### [Task item]
Your answer is the line containing "The difference between" plus every line after it through the end of the records, printed exactly and free of pictures.

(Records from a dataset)
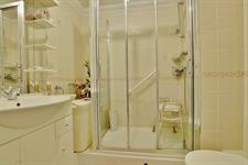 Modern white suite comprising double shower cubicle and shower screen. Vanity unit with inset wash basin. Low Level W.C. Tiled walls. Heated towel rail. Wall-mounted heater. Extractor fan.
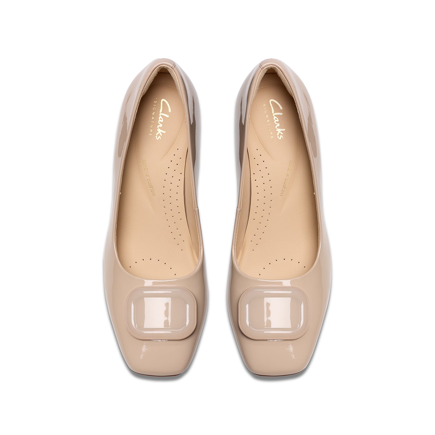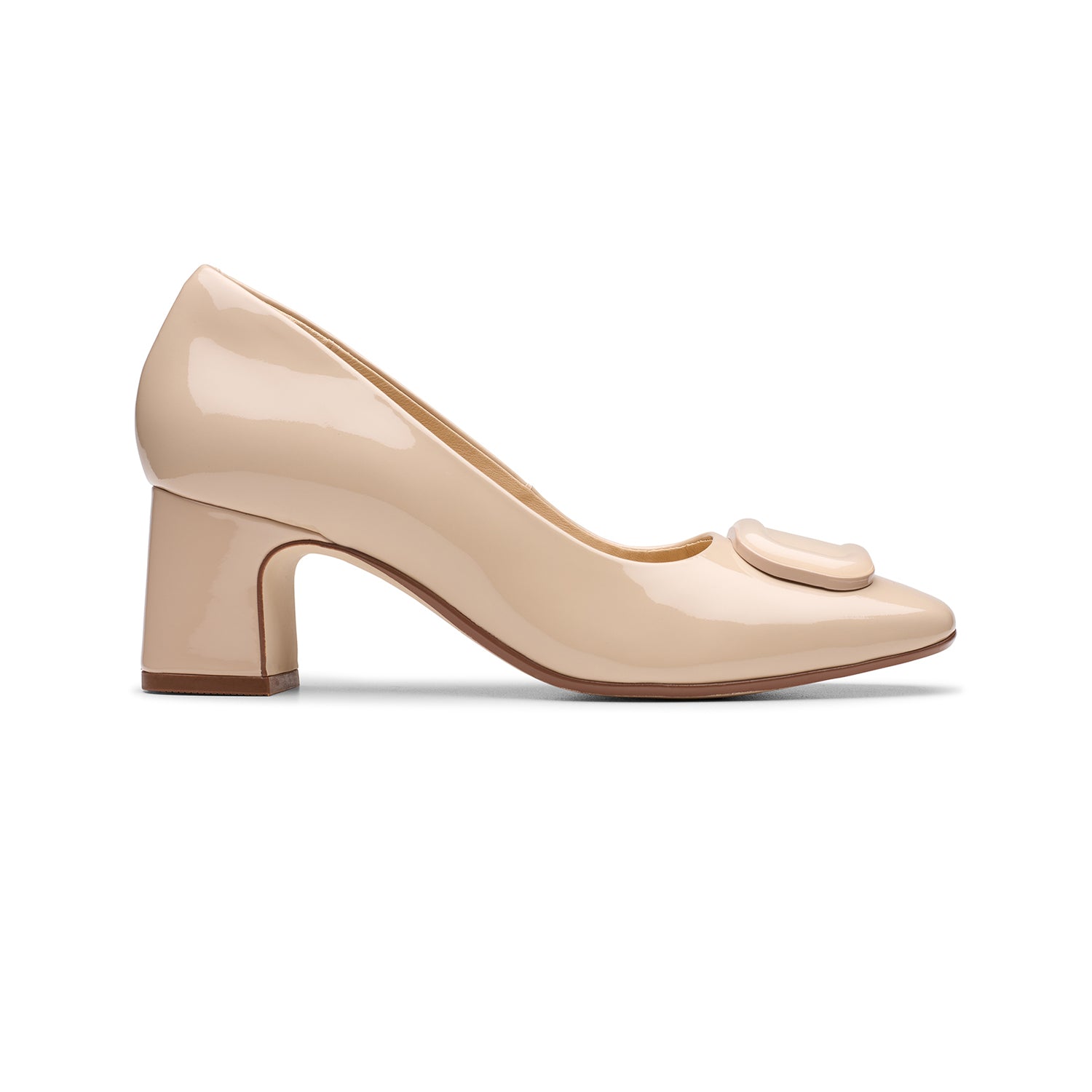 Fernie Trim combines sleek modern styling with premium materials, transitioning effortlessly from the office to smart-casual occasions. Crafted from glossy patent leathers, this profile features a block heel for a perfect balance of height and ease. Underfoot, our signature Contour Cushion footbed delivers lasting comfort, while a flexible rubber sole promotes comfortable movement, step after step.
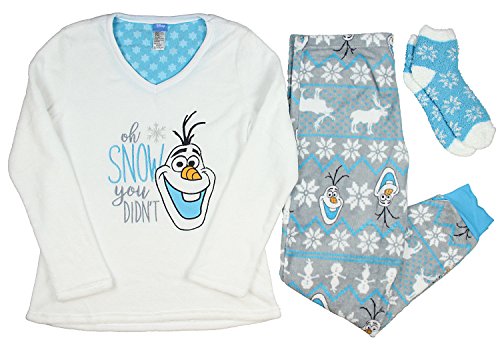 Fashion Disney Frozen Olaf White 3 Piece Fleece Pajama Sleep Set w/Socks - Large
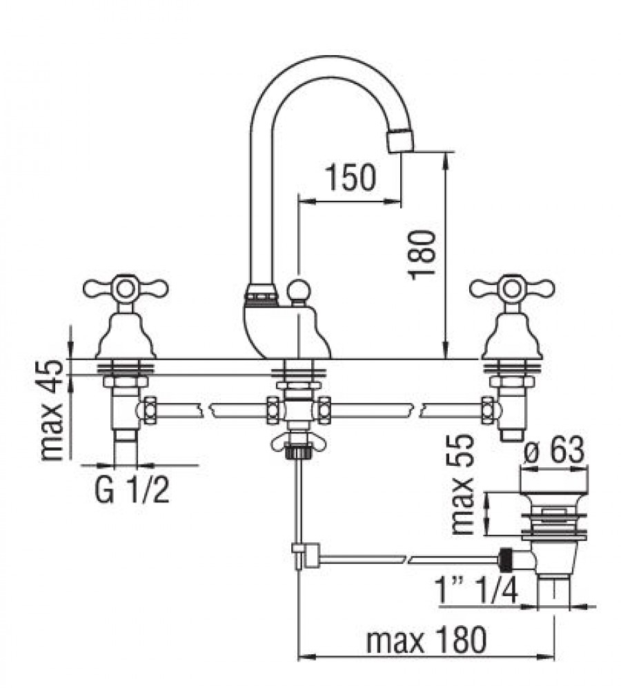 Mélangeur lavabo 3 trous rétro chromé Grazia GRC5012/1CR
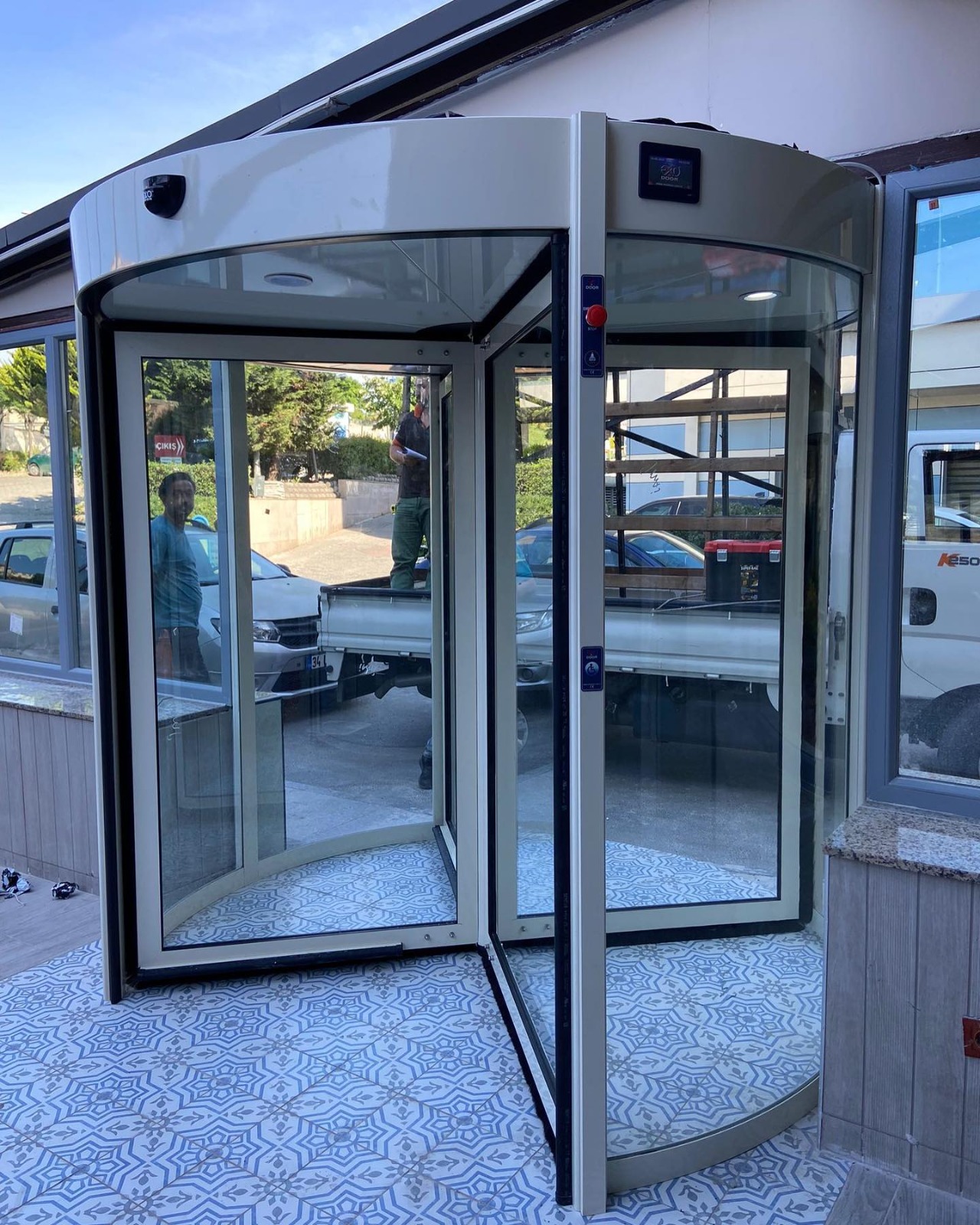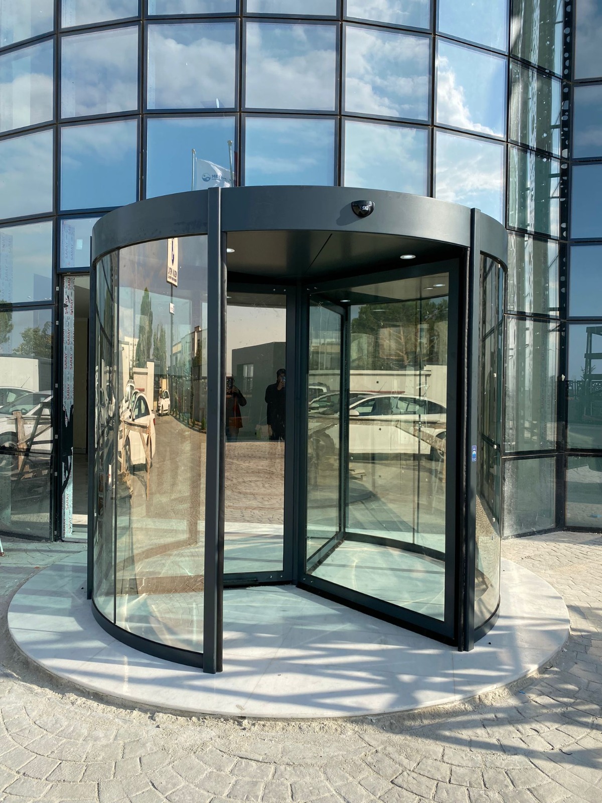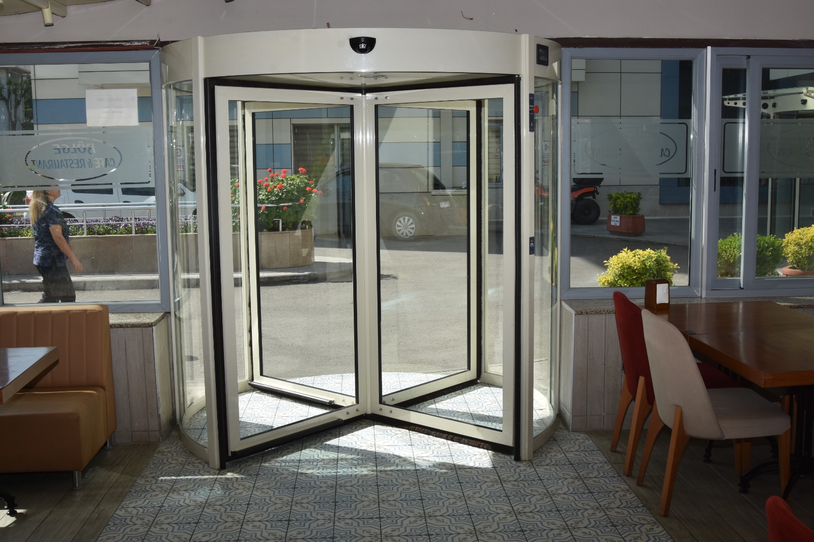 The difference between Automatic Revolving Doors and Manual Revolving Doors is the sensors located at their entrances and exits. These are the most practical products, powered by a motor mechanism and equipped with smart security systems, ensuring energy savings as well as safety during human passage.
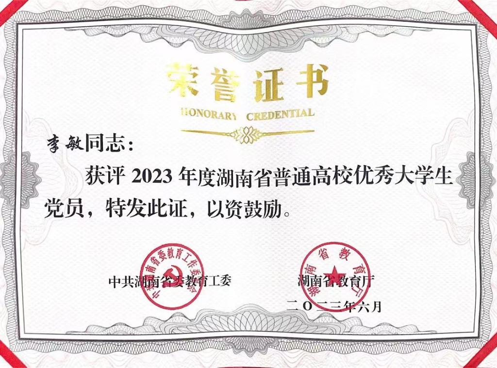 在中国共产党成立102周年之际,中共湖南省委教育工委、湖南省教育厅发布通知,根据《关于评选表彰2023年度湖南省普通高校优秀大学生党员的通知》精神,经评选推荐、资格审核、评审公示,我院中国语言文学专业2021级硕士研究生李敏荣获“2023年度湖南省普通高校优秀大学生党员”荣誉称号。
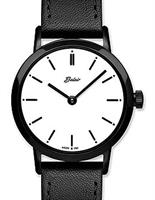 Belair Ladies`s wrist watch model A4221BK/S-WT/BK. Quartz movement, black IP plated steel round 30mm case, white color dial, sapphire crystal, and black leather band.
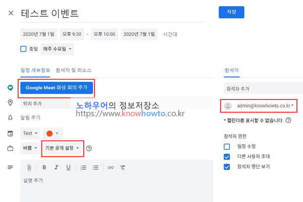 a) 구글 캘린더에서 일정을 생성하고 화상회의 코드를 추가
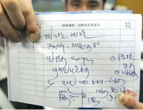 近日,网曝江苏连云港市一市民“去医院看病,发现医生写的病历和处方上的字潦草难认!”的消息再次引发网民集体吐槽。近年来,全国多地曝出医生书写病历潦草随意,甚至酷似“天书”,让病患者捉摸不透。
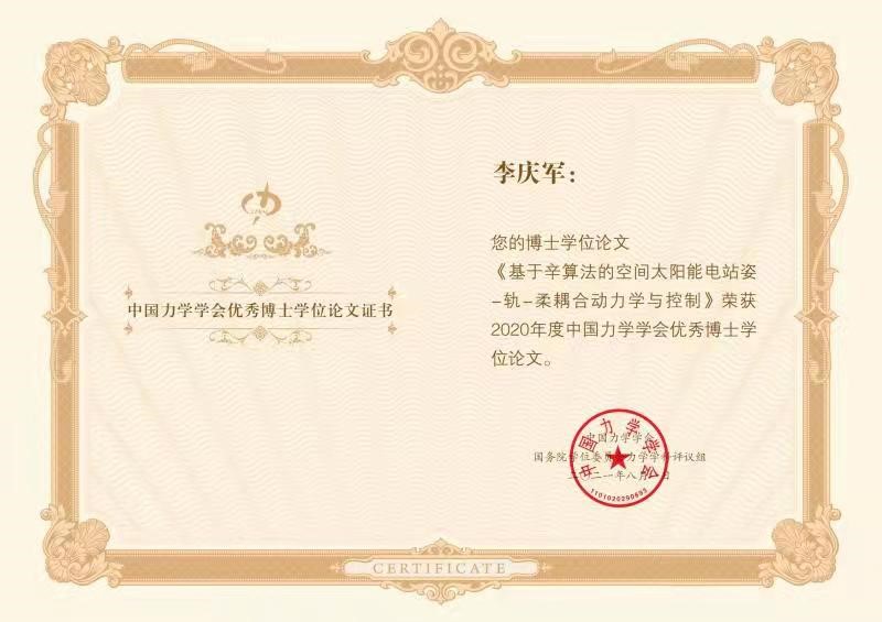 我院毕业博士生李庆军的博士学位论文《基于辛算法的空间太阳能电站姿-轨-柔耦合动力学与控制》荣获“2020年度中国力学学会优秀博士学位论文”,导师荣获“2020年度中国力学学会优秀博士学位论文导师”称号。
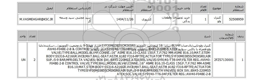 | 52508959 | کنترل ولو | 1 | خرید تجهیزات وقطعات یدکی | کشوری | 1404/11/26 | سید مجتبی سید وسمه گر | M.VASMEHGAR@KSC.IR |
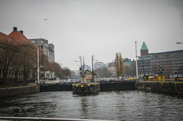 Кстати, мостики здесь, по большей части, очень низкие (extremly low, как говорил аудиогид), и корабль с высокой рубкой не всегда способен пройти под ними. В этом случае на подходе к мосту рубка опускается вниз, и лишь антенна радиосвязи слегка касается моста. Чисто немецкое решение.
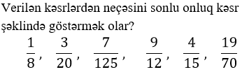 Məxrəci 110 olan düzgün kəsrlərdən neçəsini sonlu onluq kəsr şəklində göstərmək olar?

### [Result]
 The difference between Automatic Revolving Doors and Manual Revolving Doors is the sensors located at their entrances and exits. These are the most practical products, powered by a motor mechanism and equipped with smart security systems, ensuring energy savings as well as safety during human passage.
 在中国共产党成立102周年之际,中共湖南省委教育工委、湖南省教育厅发布通知,根据《关于评选表彰2023年度湖南省普通高校优秀大学生党员的通知》精神,经评选推荐、资格审核、评审公示,我院中国语言文学专业2021级硕士研究生李敏荣获“2023年度湖南省普通高校优秀大学生党员”荣誉称号。
 Belair Ladies`s wrist watch model A4221BK/S-WT/BK. Quartz movement, black IP plated steel round 30mm case, white color dial, sapphire crystal, and black leather band.
 a) 구글 캘린더에서 일정을 생성하고 화상회의 코드를 추가
 近日,网曝江苏连云港市一市民“去医院看病,发现医生写的病历和处方上的字潦草难认!”的消息再次引发网民集体吐槽。近年来,全国多地曝出医生书写病历潦草随意,甚至酷似“天书”,让病患者捉摸不透。
 我院毕业博士生李庆军的博士学位论文《基于辛算法的空间太阳能电站姿-轨-柔耦合动力学与控制》荣获“2020年度中国力学学会优秀博士学位论文”,导师荣获“2020年度中国力学学会优秀博士学位论文导师”称号。
 | 52508959 | کنترل ولو | 1 | خرید تجهیزات وقطعات یدکی | کشوری | 1404/11/26 | سید مجتبی سید وسمه گر | M.VASMEHGAR@KSC.IR |
 Кстати, мостики здесь, по большей части, очень низкие (extremly low, как говорил аудиогид), и корабль с высокой рубкой не всегда способен пройти под ними. В этом случае на подходе к мосту рубка опускается вниз, и лишь антенна радиосвязи слегка касается моста. Чисто немецкое решение.
 Məxrəci 110 olan düzgün kəsrlərdən neçəsini sonlu onluq kəsr şəklində göstərmək olar?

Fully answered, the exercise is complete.